Я не хотел тоже. Дайкири прошел хорошо и быстро смыл легкое утомление после полета. Гулять так гулять. Настя ограничилась спаржей с какими-то листьями, поэтому я решил не экономить на остальном. В результате обед с полбутылкой красного вина и чаевыми обошелся мне почти в двести фунтов – раньше в Лондоне на ужины я столько не тратил. Но раньше у меня в Лондоне и не было таких ужинов. Через десять минут мы были как близкие люди после долгой разлуки – столько всего нужно рассказать и обсудить. У нас был с Настей только крошечный совместный опыт – сладкое, но крошечное переживание, а время обычно безжалостно расправляется с таким капиталом: ты быстро растрачиваешь его в своих воспоминаниях, потом уже начинаешь вспоминать в кредит, а потом кредитный лимит заканчивается, ты встречаешь человека и удивляешься – это не может быть он. И в редких-редких случаях кто-то без твоего ведома продолжает пополнять капитал твоей памяти – значит, ты встретил нужного человека.
– Устал? – спросила Настя. – Два ночи по Москве.
– Ничего. Завтра высплюсь. То есть сегодня. Поедем ко мне.
– Нет, – грустно улыбнулась она.
– Почему? – дурацкий мужской вопрос сам собой вырвался наружу.
– Костя, – она понизила голос, – я очень хочу тебя. Но я здесь работаю. И мне вставать через семь часов, и я должна хорошо выглядеть и быть в форме, чтобы продержаться на ногах минимум двенадцать часов. Может быть, больше. Такая у меня работа.

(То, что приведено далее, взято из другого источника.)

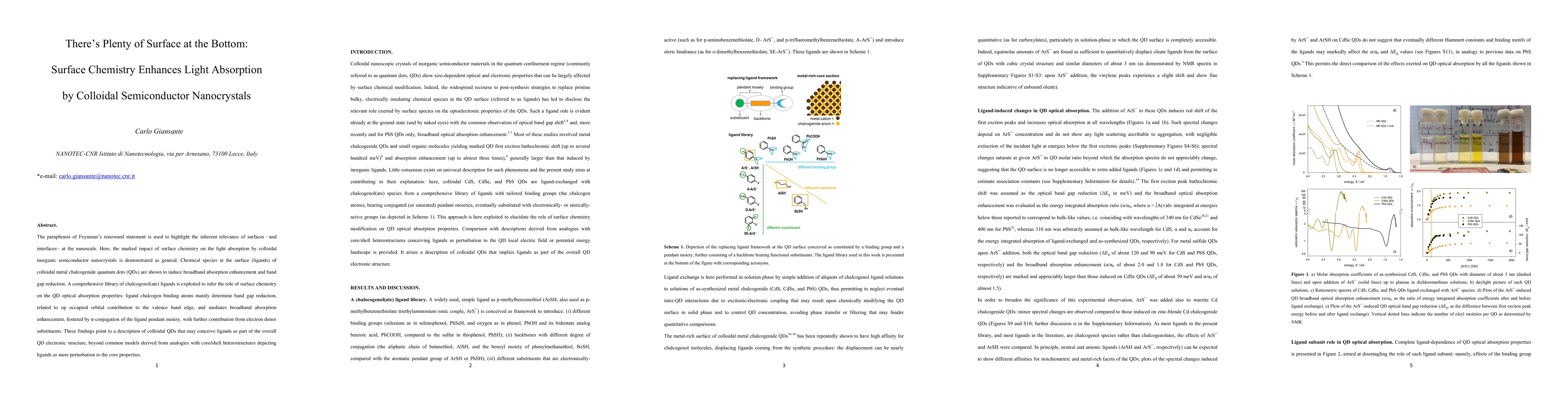 The paraphrasis of Feynman's statement is used to highlight the inherent relevance of surfaces -- and interfaces -- at the nanoscale. Here, the marked impact of the surface chemistry on the light absorption by colloidal inorganic semiconductor nanocrystals is discussed and demonstrated as general. Chemical species at the surface (ligands) of colloidal metal chalcogenide quantum dots (QDs) are shown to induce broadband absorption enhancement and band gap reduction. A comprehensive library of chalcogenol(ate) ligands is exploited to infer the role of surface chemistry on the QD optical absorption properties: ligand chalcogen binding atoms mainly determine band gap reduction, related to np occupied orbital contribution to the valence band edge, and mediates broadband absorption enhancement, fostered by the conjugation of the ligand pendant moiety, with further contribution from electron donor substituents. These findings point to a description of colloidal QDs that may conceive ligands as part of the overall QD electronic structure, beyond common models derived from analogies with core/shell heterostructures depicting ligands as mere perturbation to the core properties.
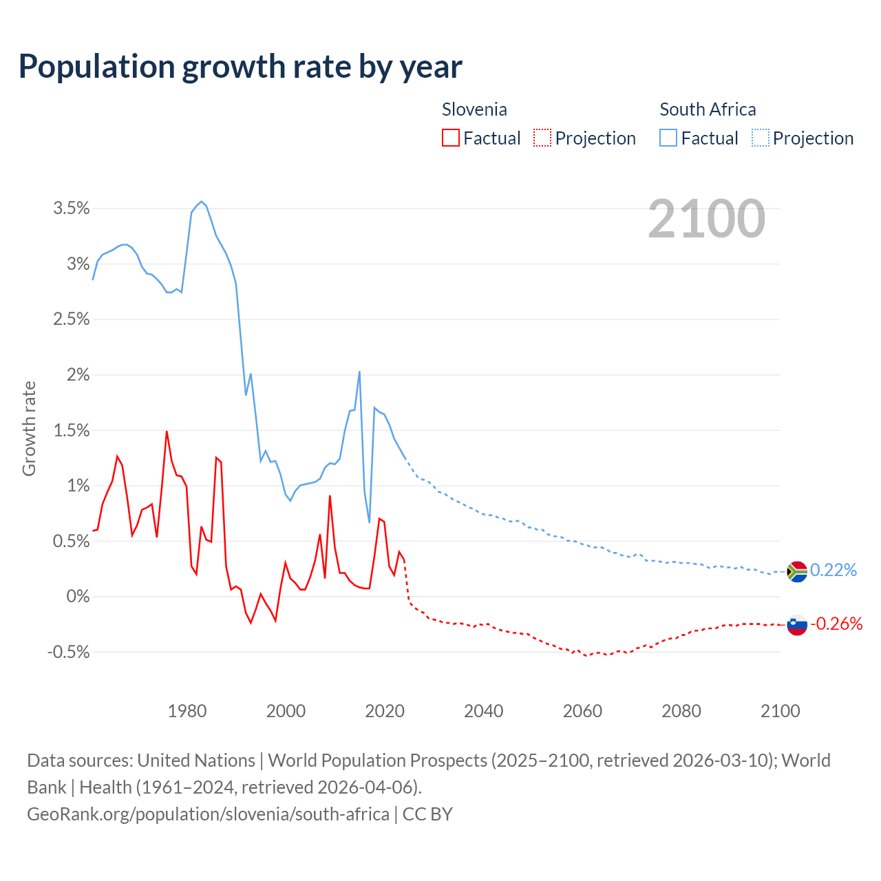 - For the last 10 years, Slovenia has had an average growth rate of +0.29% per year vs +1.44% in South Africa.
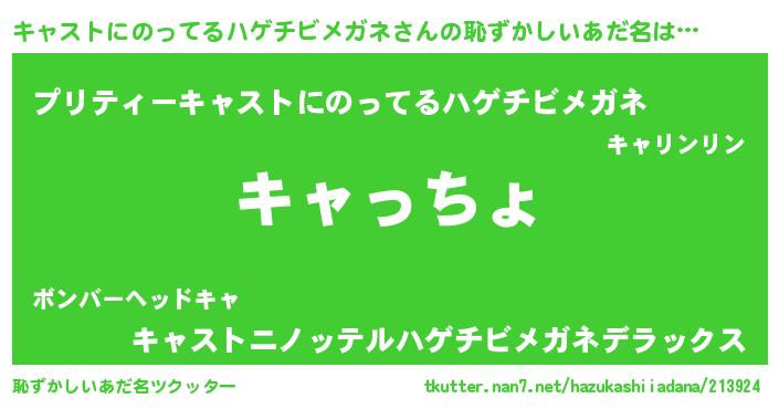 | 意味不明あだ名 | 『なめこ科キャストにのってるハゲチビメガネ属』 |
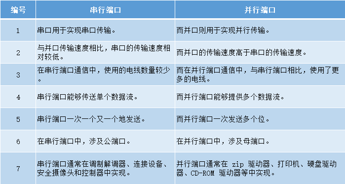 串口是用于连接串口线以实现串口通信的接口。这些端口可以对接一个连接传输线的9针D形连接器,称为DB-9连接器。通过单线获得的串行通信,只有单一的数据流从一端传输到另一端。因此,与并行传输一样,在串行传输中数据速度不匹配不是问题。电线的长度可以根据需要增加。
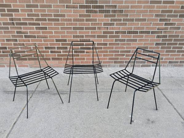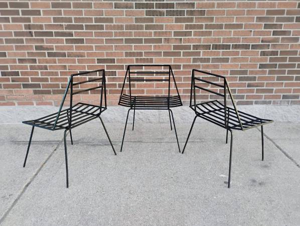 Set of 3 Vintage Unique Wrought Iron Patio Chairs Recently resprayed We don't text any numbers use any codes accept checks give out our number or respond to available is available or I am interested

– Конечно, – сказал я очередную глупость, – ты звезда, тебе нельзя. Я вообще удивляюсь, как ты сидишь тут, когда тебя в любой момент сфотографировать могут...
– Обиделся? Вот дурачок, не обижайся. Я знала, что ты можешь обидеться, надо было сразу тебе сказать. Бедный дурачок прилетел на день раньше – подвиг, можно сказать, совершил, а девушка ему не дала. Вот ведь сука, правда?
– Значит, ты тоже обиделась? – сказал я примирительно. Конечно, она была права и я вел себя как идиот.
– Нет, – она взяла меня за руку, – я просто хотела, чтобы ты понял. Ты понял. Теперь все нормально.
– Я понял. Не сердись.
– И ты. Просто чуть-чуть уважения друг к другу, и все будет хорошо.